→ EXERCISE AIM: Only the lines from the start of the data through the line with "The large lighted" belong in the copy. Restate them word for word, minus the pictures.

→ RAW DATA:

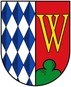 Blasonierung: „In gespaltenem Schild rechts von Silber und Blau gerautet, links in Rot auf grünem Dreiberg ein schwebender goldener Großbuchstabe W.“[20] |
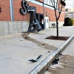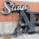 The large lighted sign on the side of the Stage AE concert venue on Pittsburgh’s North Shore was heavily damaged on Sunday after a vehicle jumped the curb and crashed into the building.
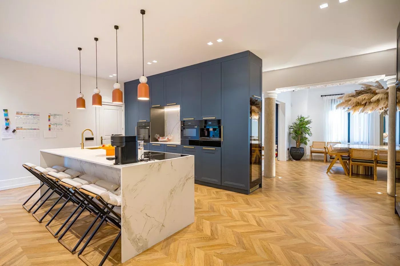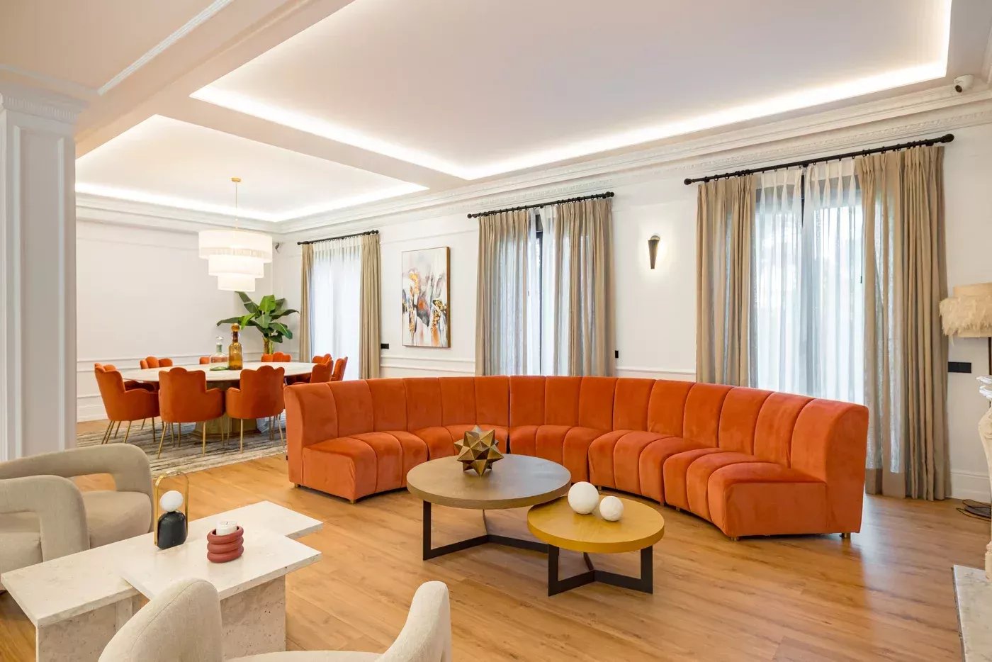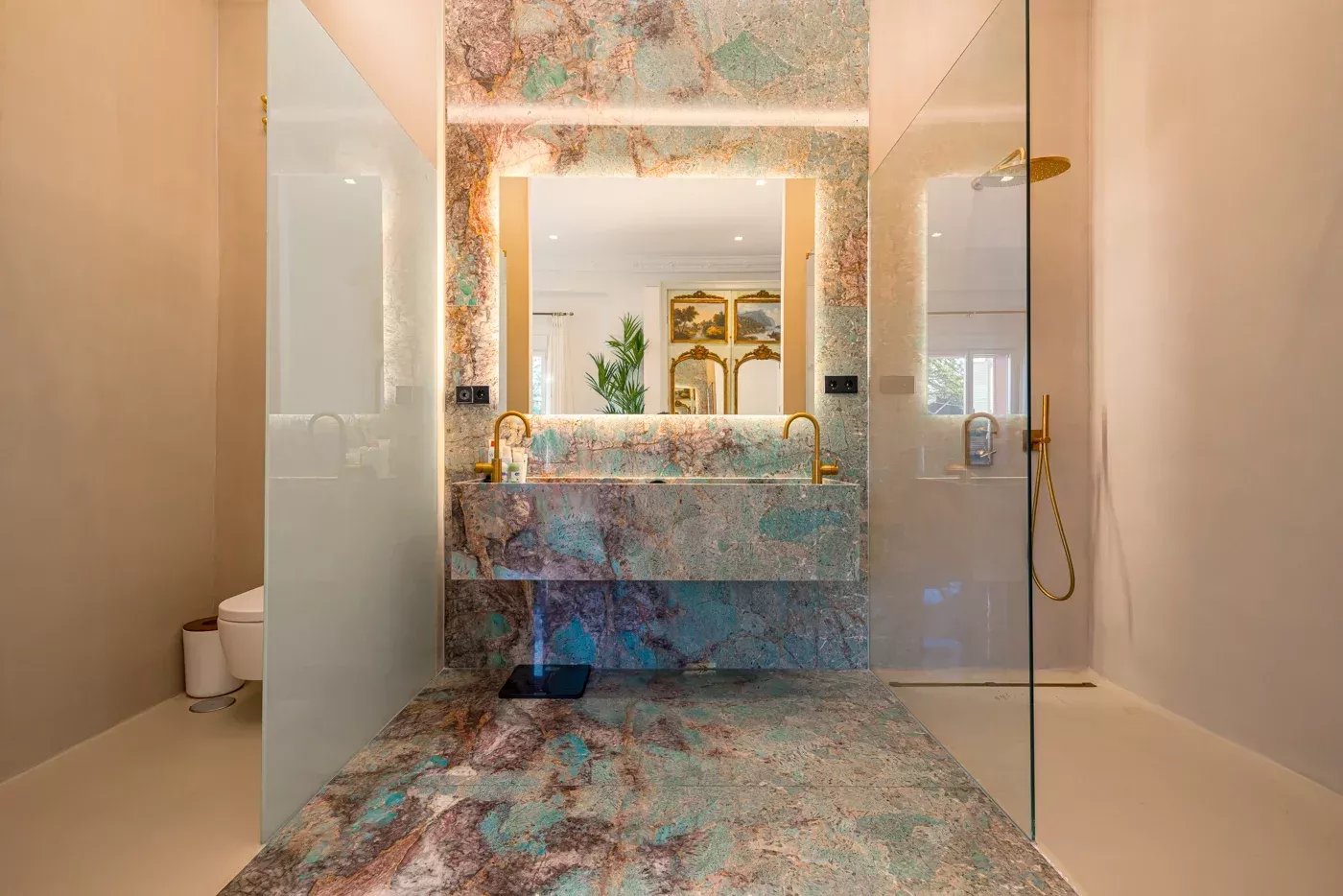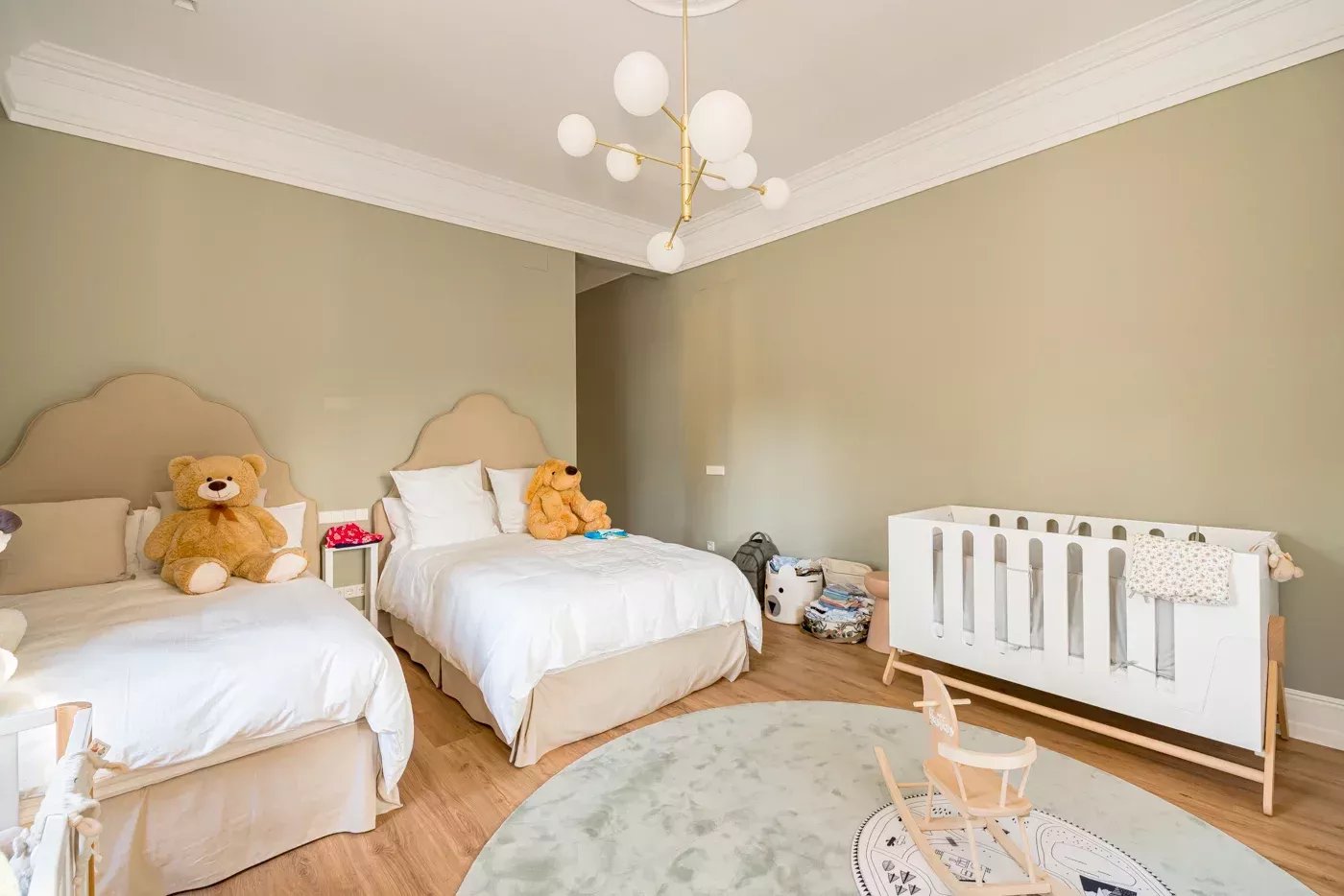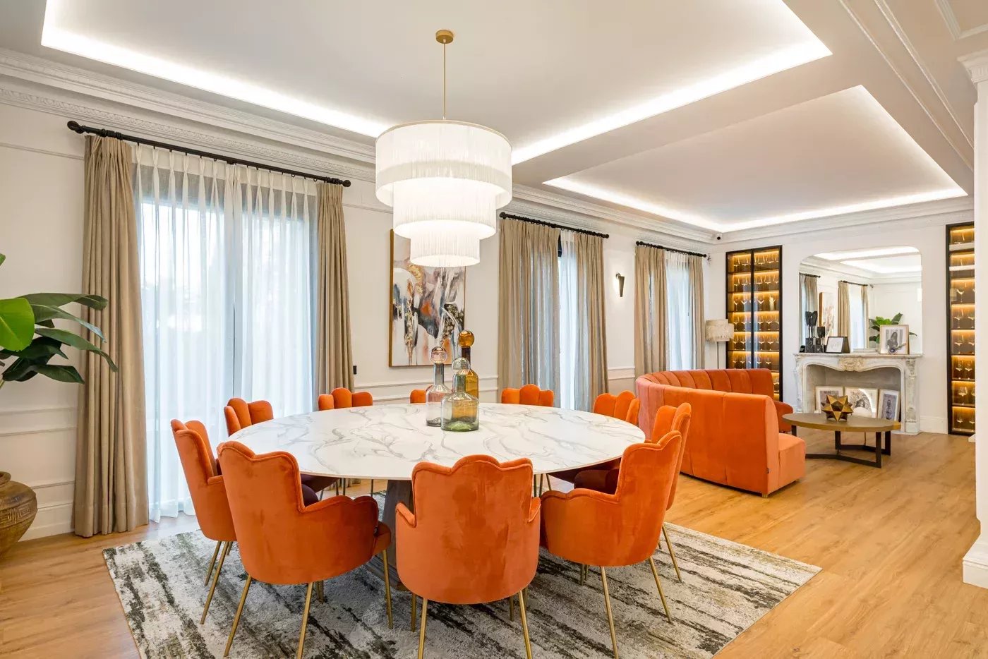 This exclusive home blends historical elements rescued from a former palace on Paseo de la Castellana with a contemporary luxury aesthetic. It offers total privacy, surrounded by a beautifully landscaped garden enclosed by an iconic original wrought-iron fence.

→ WRITTEN SOLUTION:
 Blasonierung: „In gespaltenem Schild rechts von Silber und Blau gerautet, links in Rot auf grünem Dreiberg ein schwebender goldener Großbuchstabe W.“[20] |
 The large lighted sign on the side of the Stage AE concert venue on Pittsburgh’s North Shore was heavily damaged on Sunday after a vehicle jumped the curb and crashed into the building.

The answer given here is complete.